The view of some on the discussion list seems to be that “A server (or client) which exposes the frames as its primary API is doing it wrong.” but it seems to me that to write a flexible and general purpose protocol parser which can be used by both push and pull APIs you have no option but to expose details of the message framing. The reason for this is that a general purpose parser cannot buffer complete messages, or even complete frames and so must deliver the data either as a stream of bytes at an application level or as a sequence of partial frames and allow the application to decide how to accumulate the frames into messages. By hiding all of the framing from the application the application developer cannot take advantage of knowledge that he has of the message structure of his particular messages. This is especially useful with asynchronous APIs where the application might be pushed buffers with data in them as the data arrives - which is how most of The Server Framework happens to operate and how I/O Completion Port centric designs would tend to work. If an application works in terms of, say, messages that could be at most 4096 bytes and is dealing with buffers that can contain complete messages then it could use the details of the data framing to allow it to efficiently accumulate the data into a single buffer and then dispatch the complete message for processing when it receives the final frame. The alternative is to add complexity to the protocol parser by allowing it to accumulate ‘messages’ up to a configurable size and present complete messages via one callback and incomplete messages via another, or to provide only a stream based pull API which requires the application to needlessly copy data from the protocol parser’s buffers into its own.

The 63bit fragment size and fragmentation in general appear to come from a requirement for streaming data from one end of the connection to the other, see here where a Unixy design idea of simply telling the application to “read x amount of data from this file handle” seems perfectly sensible… Of course this design will fail as soon as you need to send a stream that’s bigger than the 63bit frame size will allow and it’ll also fail if the frame is fragmented as then the API becomes “read x amount of data from this file handle, but you’re not done yet, wait and I’ll call you again with more”… At which point and given the possibility of intermediaries that fragment your large fragment down to, lets be generous, 1024 byte fragments anyway, you may as well simply limit the maximum size of frames to something more manageable… But I suppose “nobody will ever need more than 63bits of data length”…

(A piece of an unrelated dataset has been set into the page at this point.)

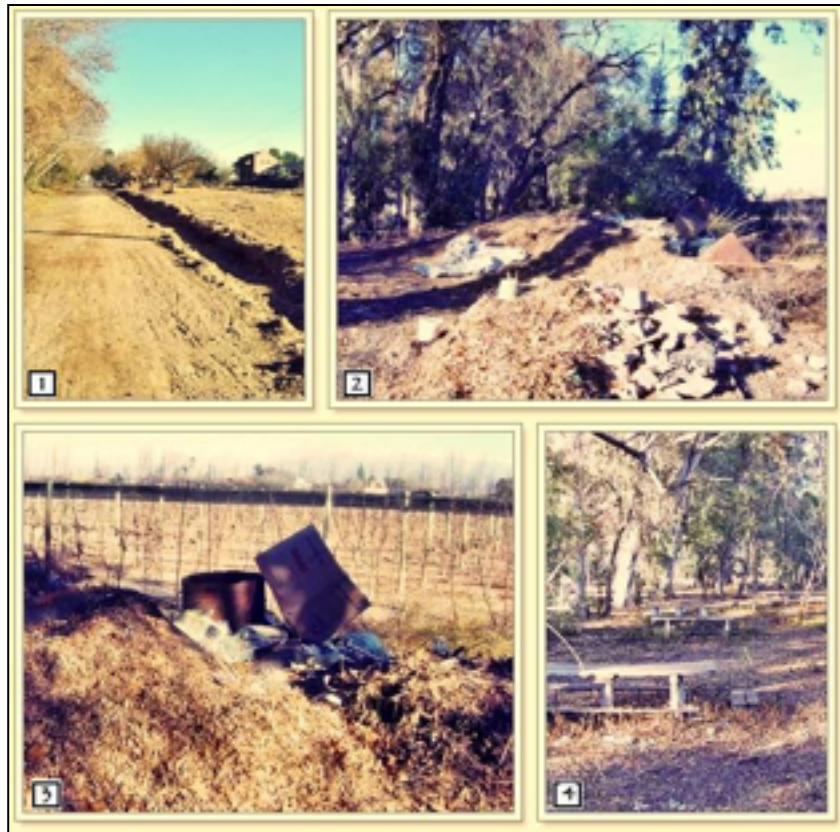
Imagen 15: Estado del Parque Ortega en el año 2011.

Unfortunately, large frame sizes also open the protocol up to lazy application design. Lets say we’re sending a file, we open the file and read some, send a fragmented frame header for the total file length and then simply start sending data. Cool, we don’t need to worry about the protocol any more, no need to build messages, just pull the data from disk and send it to the other side. This works fine until you have a read failure, or any other reason to terminate the connection. Since you’re in the middle of sending a single huge frame you can’t send an application level frame that informs the other side of the problem. You can’t even send a WebSocket close frame to shut down the connection cleanly, all you can do is abort the connection…

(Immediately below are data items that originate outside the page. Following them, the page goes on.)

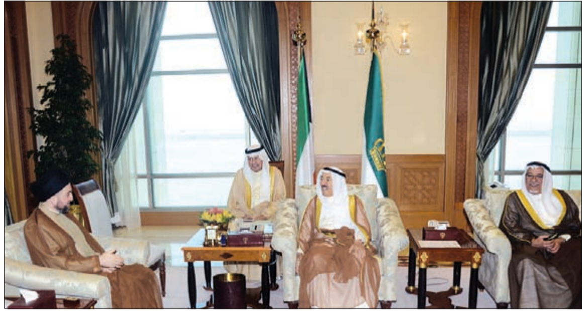
صاحب السمو الأمير مستقبلا السيد عمار الحكيم وبيدو الشيخ علي الجراح والسفير أحمد فهد الفهد

استقبل صاحب السمو الأمير الشيخ صباح الأحمد بقصر السيف صباح أمس سمو ولي العهد الشيخ نواف الأحمد. كما استقبل سموه بقصر السيف صباح أمس رئيس مجلس الأمة مرزوق الغانم. واستقبل سموه بقصر السيف ظهر أمس سمو رئيس مجلس الوزراء الشيخ جابر المبارك. كما استقبل صاحب السمو الأمير الشيخ صباح الأحمد بقصر السيف صباح أمس رئيس المجلس الأعلى الإسلامي العراقي سماحة السيد عمار عبدالعزيز الحكيم والوفد المرافق، وذلك بمناسبة زيارته للبلاد. وحضر المقابلة نائب وزير شؤون الديوان الأميري الشيخ علي الجراح.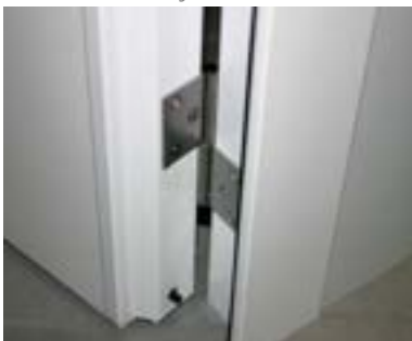
Burlate guillotina integrado en la hoja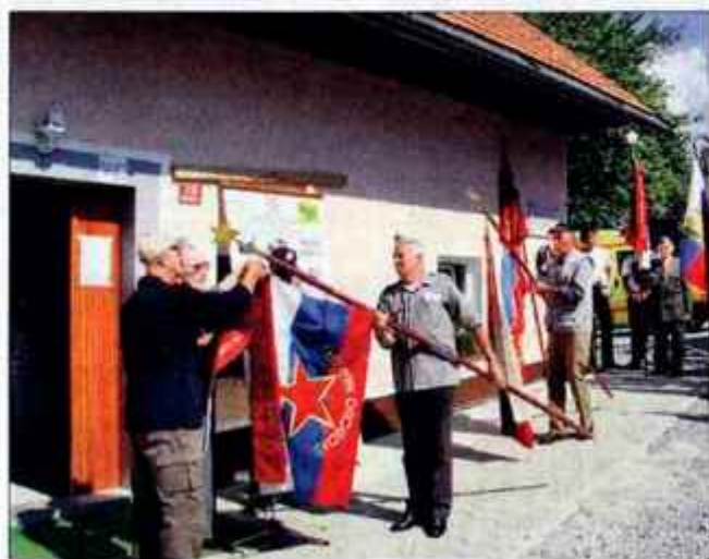
Na slovesnosti na Puču so na prapore gorenjskih partizanskih odredov pripeli slavnostne trakove.

nosti in pokrajinskega vodstva OF in KP ter 35-letnice ustanovitve treh odredov Teritorialne obrambe na Gorenjskem. Puč je bil upravičeno izbran za kraj proslave, saj sta bila med drugim septembra leta 1944 tu

So, WebSockets presents a sequence of infinitely long byte streams with a termination indicator (the FIN bit in the frame header) and not a message based interface as you might initially believe. Given that a general purpose protocol handler can only work in terms of partial frames, we effectively have a stream based protocol with lots of added complexity to provide the illusion of a message based protocol that can actually only ever be dealt with as a stream of bytes.